In ultima analisi, la fotografia che ci restituisce GreenItaly è quella di un’Italia in cui un terzo del sistema produttivo investe in sostenibilità come leva competitiva, con filiere di riciclo tra le più avanzate in Europa. Tuttavia, “la transizione verde resta frenata da barriere strutturali: frammentazione e disomogeneità normativa (in particolare su end of waste e bioeconomia); iter autorizzativi lenti e incerti; incentivi discontinui e mal calibrati; costi energetici elevati; carenze di capitali e infrastrutture per lo scale-up tecnologico”. A livello nazionale, conclude il rapporto, “resta la necessità di una coraggiosa visione di lungo periodo che armonizzi le regole, semplifichi gli iter autorizzativi, preveda incentivi mirati, rafforzi formazione e trasferimento tecnologico, e attivi strumenti finanziari dedicati”.
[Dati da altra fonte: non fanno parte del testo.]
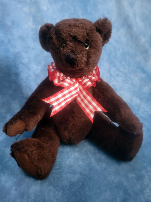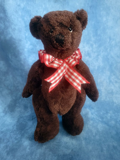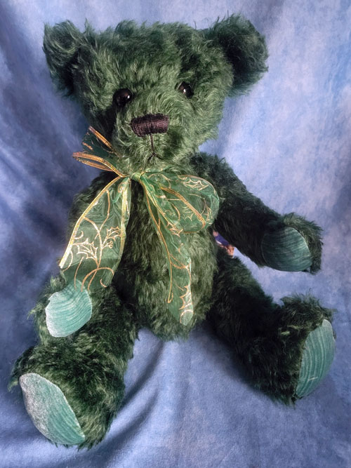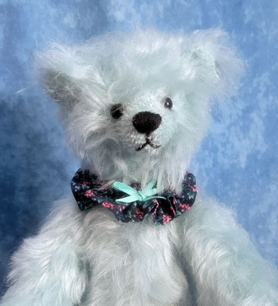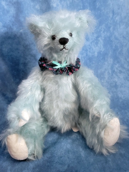 "Robin"10 inch Robin is a fully jointed mohair bear with ultrasuede paw pads. She has glass eyes and a hand stitched pearl cotton nose and mouth. Robin is stuffed with a combination of polyfil and glass for weight. |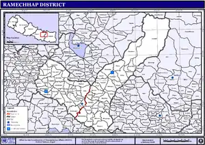 Ramechhap District (Nepali: रामेछाप जिल्लाListen), a part of Bagmati Province, is one of the seventy-seven districts of Nepal, a landlocked country of South Asia. The district, known as Wallo Kirat Ramechhap, has its district headquarters in Manthali and covers an area of 1,546 km2 (597 sq mi) with a population (2011) of 202,646[1] and a density of 137.4 per km2. It has 11 post offices, with the District Post Office (D.P.O.) bearing the postal code 45400.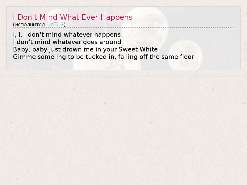 А как ты думаешь, о чем песня "I Don't Mind What Ever Happens" ?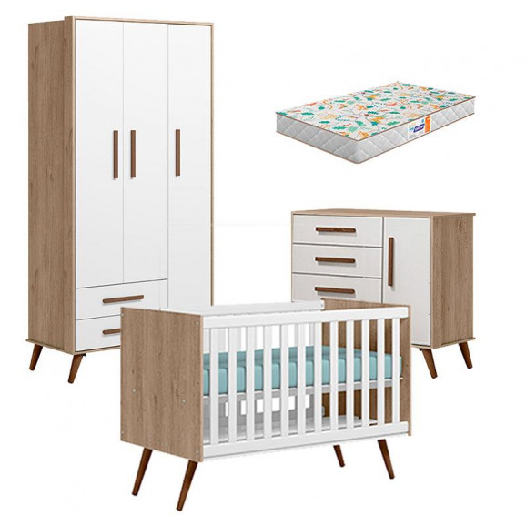Quarto de Bebê Q Encanto Retrô Carvalho TOQ Rústico Branco com Colchão Gazin - Qmovi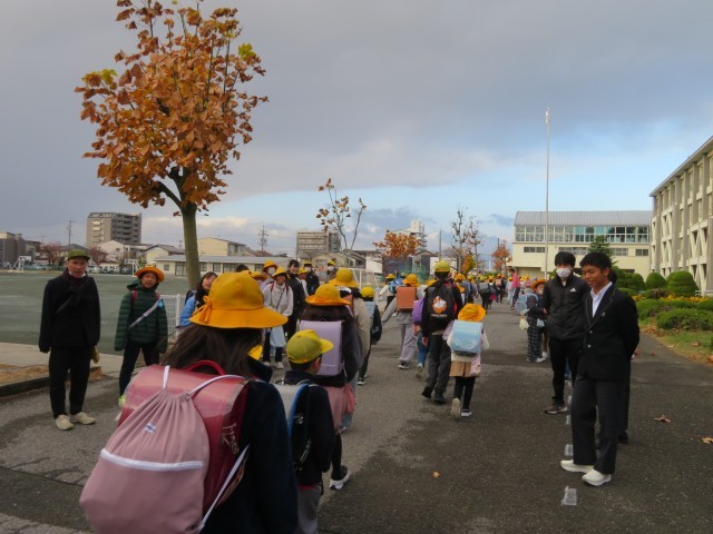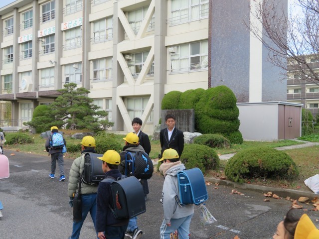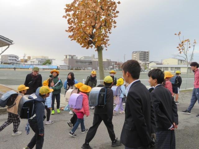11月28日(金) 小中合同あいさつ運動 最終日! 笑顔と元気があふれる朝【末広小】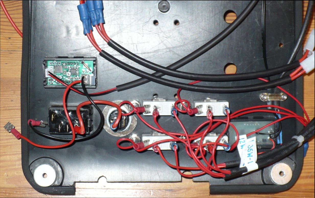 Hier noch ein Foto von der Rückseite des 'Zwischenbodens' (unter dem Sitz über dem Controller), an dem die ganzen Schalter, Meßgeräte, usw. angebracht sind, was es Dir hoffentlich leichter macht, mir beim richtigen Anschliessen zu helfen: in der Mitte links ist das Amperemeter, da drunter der Wippenschalter und rechts davon der Stecker für das externe Netzgerät (der Minuspol vom Stecker ist rechts).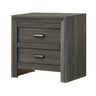This bedroom collection encapsulates a blend of contemporary design and rustic charm. The centerpiece, a bed with a distinguished chevron patterned headboard, evokes a sense of craftsmanship and texture, infusing the space with character. Flanking the bed are matching pieces, each exhibiting clean lines and a finish that suggests a lived-in elegance. The dresser, complemented by a substantial mirror, along with the tall chest, offer ample storage solutions with understated metal handles that enhance the modern farmhouse aesthetic. A nightstand completes the set, its compact design making it a practical addition to the suite.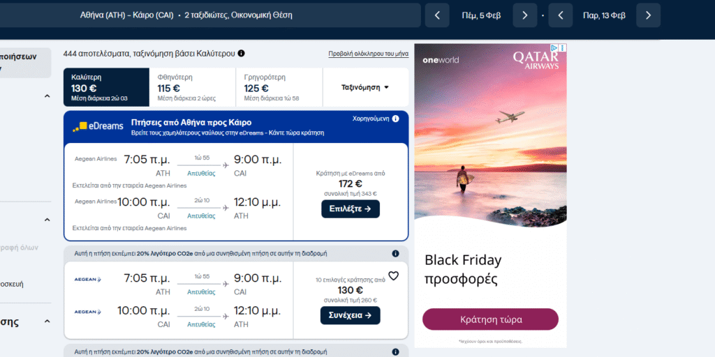 - Η παραπάνω τιμή ισχύει σήμερα (29/11/25) κι ενδέχεται να αλλάξει όσο περνάνε οι ώρες, αφού οι τιμές των αεροπορικών εισιτηρίων δεν παραμένουν σταθερές για πολλές ώρες.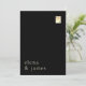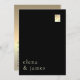 Simple, modern, minimalist trendy black wedding invitation with sophisticated faux gold monogram at the top right corner - at both sides of the card.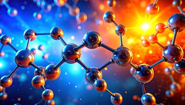 The stylized depiction showcases a 3D rendering of a molecular structure, highlighted with a gradient of colors and metallic textures.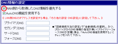 ISPから提供された資料にDNS情報(DNSサーバー・ネームサーバー)がない場合、「WAN側から取得したDNS情報を優先する」にチェックが入ったまま、変更する必要はありません。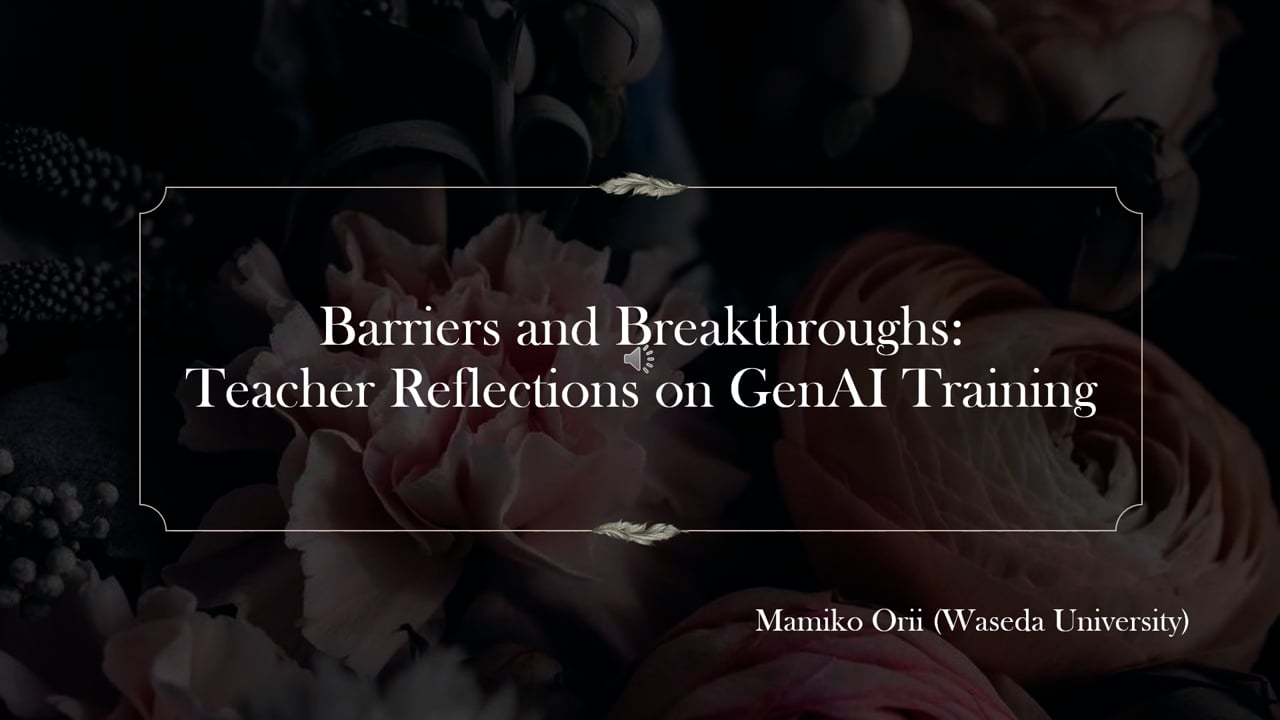 This presentation examines how targeted Generative AI (GenAI) teacher training influences EFL teachers’ instructional intentions and pedagogical perceptions. GenAI is gaining traction as an instructional tool in English education, particularly for its ability to support vocabulary, phrasing, and inquiry-based learning (Kaya, 2023; Moorehouse, 2024; Yoshida, 2024). However, surveys show that many teachers have been slow to adopt it and remain concerned. In Japan, usage remains limited. Saito (2024) reported just 19.3% adoption among junior high teachers, while the HelloWorld Survey (2025) found 60% of English teachers lacked experience and concerns about integration. The author's upcoming study found the top concern—shared by 23 of 25 teachers—was insufficient training and support. International research also reports low adoption and persistent barriers, including insufficient training (e.g., Collie & Martin, 2025; Xiao et al., 2025). These findings highlight the need for training to help teachers use GenAI effectively. A two-part GenAI training course was held in Tokyo for 33 elementary and junior high school teachers. Focused on speaking instruction—‘presentation’ in the first session, ‘interaction’ in the second—it included hands-on exploration of GenAI's functions, classroom-ready prompts, and practical applications. Post-training surveys posed two open-ended questions: “What did you learn?” and “How would you like to apply it?” Responses were thematically analyzed, revealing teachers deepened their understanding of GenAI's instructional potential—particularly in prompt design and feedback—and showed intent to apply it thoughtfully. These results underscore the value of targeted training in building teacher confidence and promoting pedagogically sound integration of GenAI.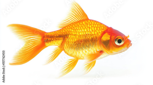 Vibrant goldfish swimming gracefully against a clean white background, showcasing its dazzling scales and flowing fins.
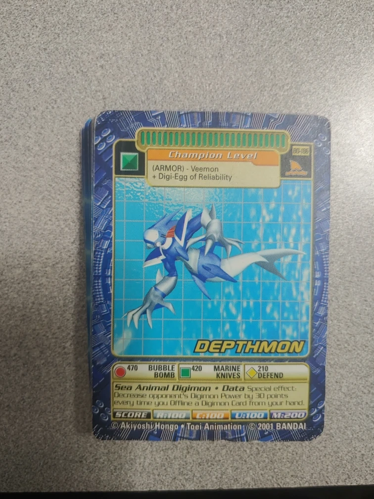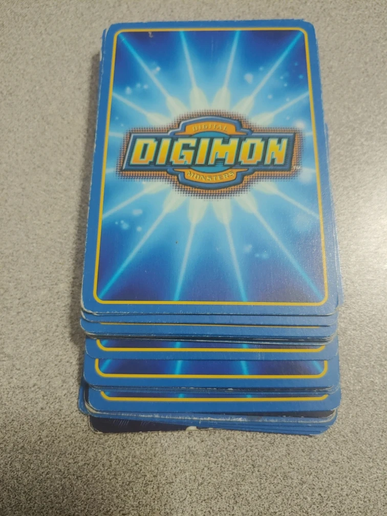 Vintage Digimon Cards 25 Digimon Cards Depthmon BO-186 $5 Red Offensive St-49 $2 Blitz St-52 $2 Nanimon St-15 $2 Blossomon Bo-90 $2 Nohemon BO-203 $12 Otamamon St-24 $2 To Champion St-55 $2 Black Gears Bo-104 $4 Downgrade St-57 $1 Angemon BO-128 $15 Green Offensive St-51 $1 Digivice Red St-59 $2 Gekomon St-27 $1 Kiwimon Bo-85 $1 Jagamon Bo-26 $3 Meat Bo-106 $1 Whamon Bo-58 $1 Metal Attack St-53 $1 Digivice Yellow St-62 $2 Palmon St-09 $2 Gabumon St-05 $2 Veedramon Bo-83 $1 Triceramon St-29 $1 Dokugemon St-19 $2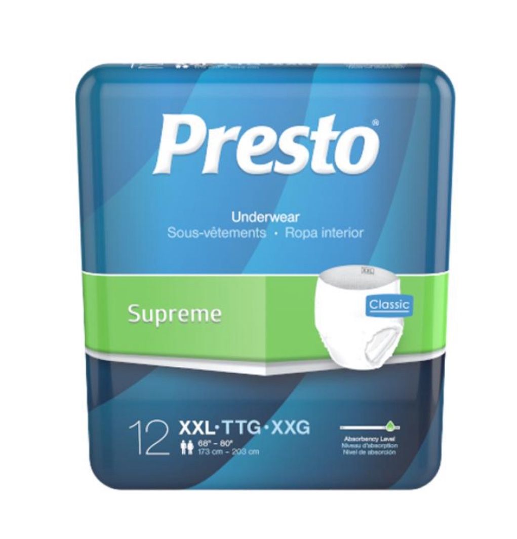 Presto - Unisex Supreme Classic Underwear Size XXL “68-80” Currently have 10 boxes with 4 packs in each box 1 pack = 12 underwear 4 pack = 48 underwear Selling 1 pack for $10 Selling box of 4 packs for $30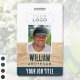 Crachá Rustic Employee ID Name Photo Woodgrain Blue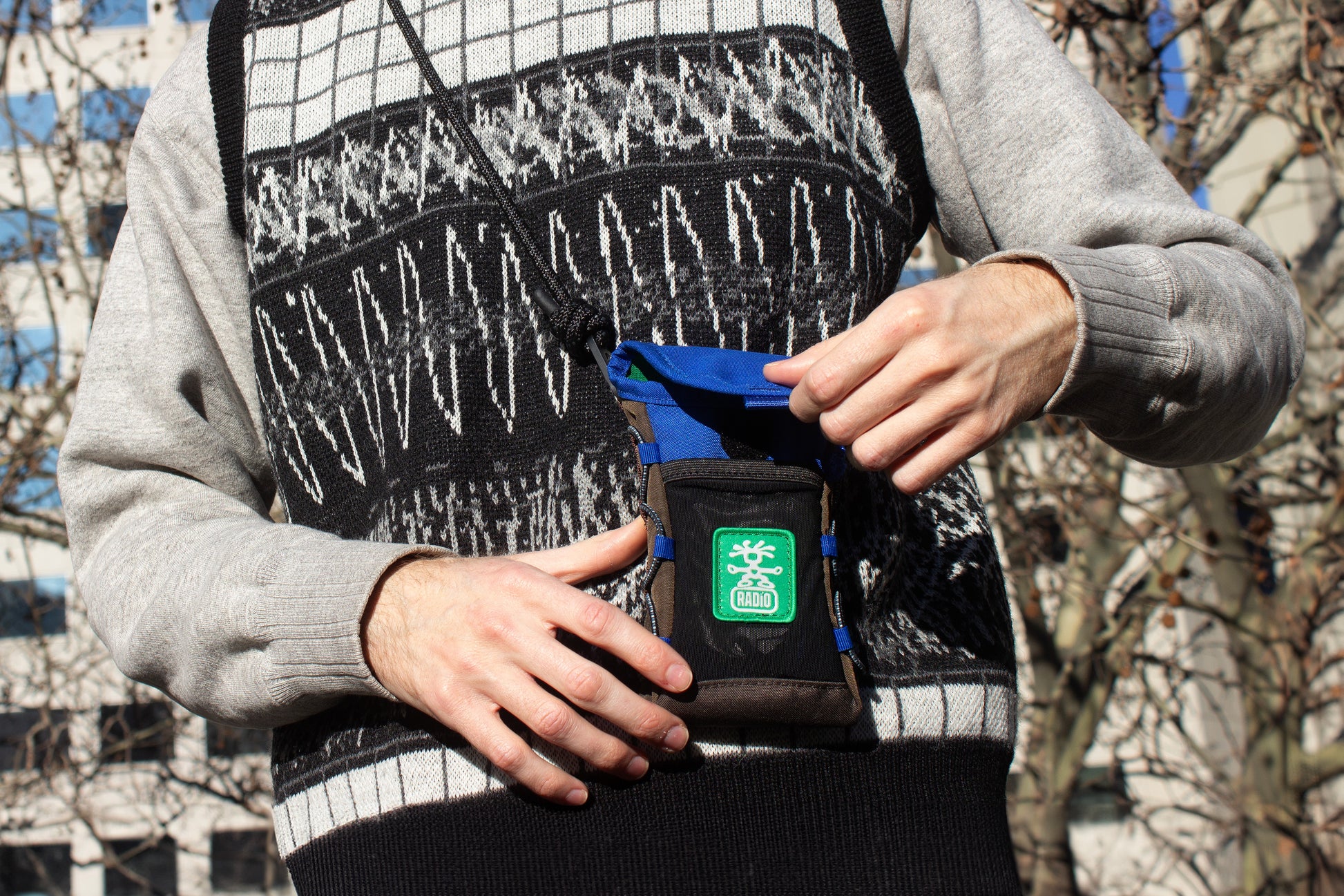 A lightweight crossbody bag designed and made in collaboration with Radio Eyewear.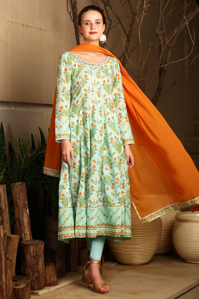 Blue Floral Printed Embellished Panelled Chanderi Kurta, Tights And Dupatta Set
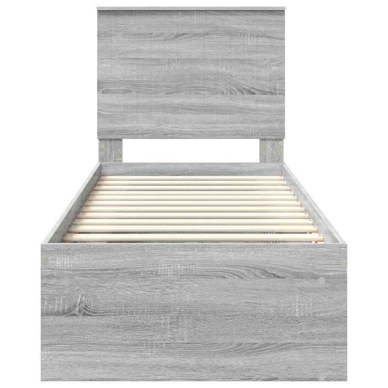 Dieses moderne Bettgestell ist ein stylisches und funktionelles Herzstück für jedes Schlafzimmer. Die rechteckige Form sorgt für eine perfekte Anordnung und bringt Harmonie in deinen Wohnraum. Schick und zeitgemäß bieten die klaren Linien und das minimalistische Design Einfachheit und Eleganz und sind ideal für Leute, die beides – Stil und Funktion – schätzen. Das Gestell lädt zum Entspannen ein und verspricht erholsame Nächte mit einer stabilen Basis, die einen ruhigen Schlaf unterstützt. Holzwerkstoff und starkes Kiefernholz: Der Hauptrahmen ist aus Holzwerkstoffen gefertigt, die für ihre Zuverlässigkeit und ihren schicken Look bekannt sind. Das solide Kiefernholz-Kopfteil verleiht dem Teil einen natürlichen Charme und sorgt für Stabilität und Stil. Diese Materialien garantieren Stärke und Langlebigkeit und verbessern den Schlafkomfort. Stabiler Lattenrost: Ausgestattet mit stabilen Latten bietet dieses Bettgestell festen Halt für deine Matratze und minimiert Störungen während des Schlafs. Die stabilen Latten behalten bei regelmäßiger Nutzung ihre Form und bieten eine gute Basis für ungestörten Schlaf. Das Lattenrostdesign sorgt für Luftzirkulation und bietet eine gut belüftete Unterlage für die Langlebigkeit der Matratze. Modernes Design: Mit einem klaren Fokus auf Einfachheit strahlt das Bettgestell Modernität aus, mit seinen schlichten Linien und minimalen Verzierungen. Seine schlanke Silhouette fügt sich problemlos in einen minimalistischen Einrichtungsstil ein und passt sich verschiedenen Schlafzimmer-Themen an. Praktikabilität ist in sein Design eingebaut, was es zu einer zeitlosen Ergänzung für dein Zuhause macht. Vielseitige Verwendung: Ideal für Hauptschlafzimmer, Gästezimmer und Rückzugsorte für Jugendliche, fügt sich dieses Gestell mühelos in verschiedene Umgebungen ein. Egal, ob du eine neue Wohnung einrichtest oder an einem bestehenden Setup arbeitest, seine Flexibilität hebt seine Fähigkeit hervor, mit unterschiedlichen Wohnsituationen zu harmonieren und eine Vielzahl von Bedürfnissen zu erfüllen. Einfache Pflege: Halte die makellose Form deines Gestells mühelos, indem du einfach mit einem feuchten Tuch abwischst, um die Oberflächen frisch und einladend zu halten. Die pflegeleichte Wartung behält seinen Charme und seine Funktionalität über die Zeit, sodass du dich an seinem gepflegten Aussehen in deinem Schlafzimmer erfreuen kannst.
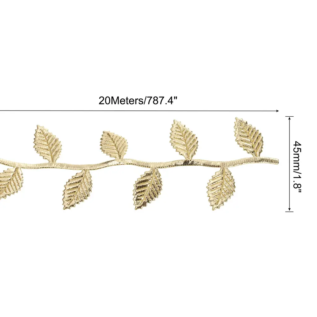 It is great for a wide range of craft projects, including floral arrangements, wreaths, gift wrapping, DIY decorations, scrapbooking. It provides endless creative possibilities. Suitable for birthdays, Halloween, Christmas, parties, bridal showers, and fall weddings. It provides endless creative possibilities.SpecificationColor: Gold ToneMaterial: PolyesterSize: 20 Meters x 45mm / 787.4 x 1.8 inch(L*W)Packing List: 1 x Decorative Leaves RibbonAdvantageNatural and Realistic: This leaf ribbon features a natural and realistic design, with detailed leaves that resemble the beauty of fresh foliage, adding a touch of nature to your craft projects.Quality Material: Crafted from durable materials, this leaf ribbon is flexible and resistant to fraying or fading, ensuring long-lasting use and vibrant color retention.InstructionThe leaf plant ribbon is easy to cut and shape, allowing you to customize its length and create desired designs and arrangements. Its flexibility makes it effortless to incorporate into various crafts.NOTE: Depending on your project, you may need different widths or lengths. Determine the appropriate size to achieve the desired effect and ensure it will be sufficient for your needs.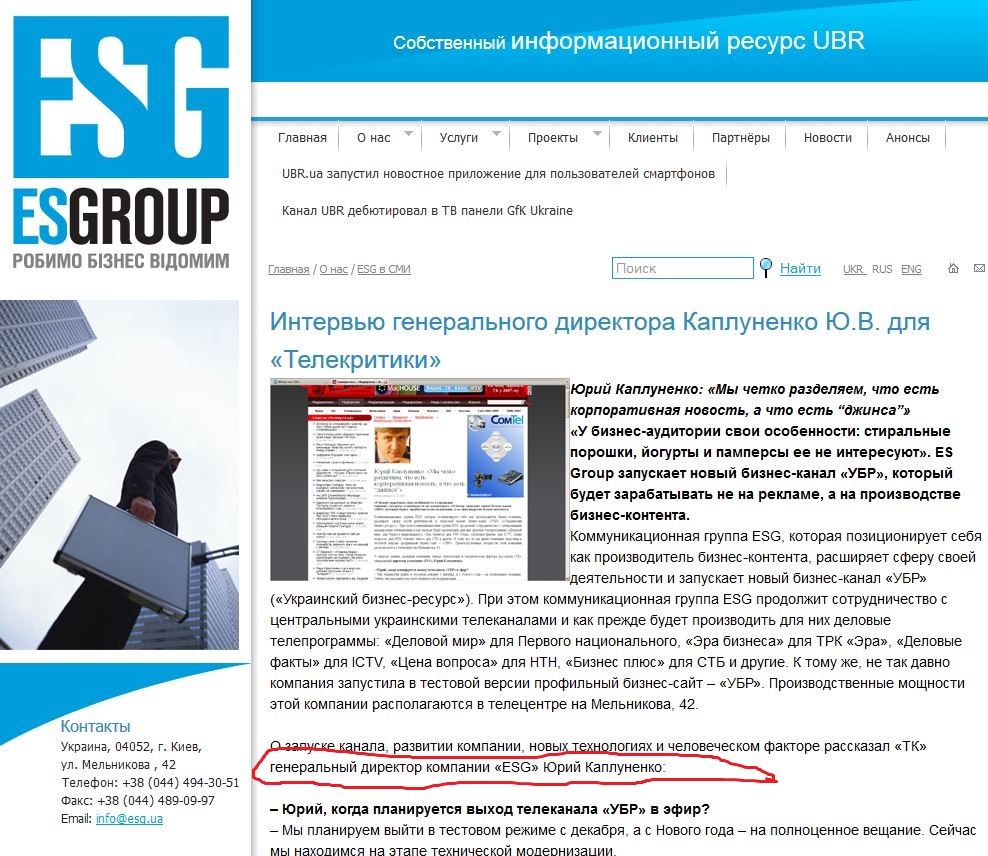 На це «Наші Гроші» повідомляють наступне. Юрій Каплуненко давав інтервю у якості генерального директора компанії ESG і цей факт відображено на сайті ESG.

Ci piace chiudere con la lungimiranza delle parole del Presidente Sergio Mattarella, citato in prefazione: ”Per troppo tempo abbiamo affrontato in modo inadeguato la questione della tutela dell’ambiente e del cambiamento climatico, opponendo artificiosamente fra loro la gestione dell’esistente e quelle del futuro dei nostri figli e nipoti. Per garantire la capacità di competere, l’Europa ha necessità a lungo termine di abbandonare i combustibili fossili e compiere la transizione, evidenziando il nesso – come ha fatto il Rapporto Draghi – tra decarbonizzazione e competitività”.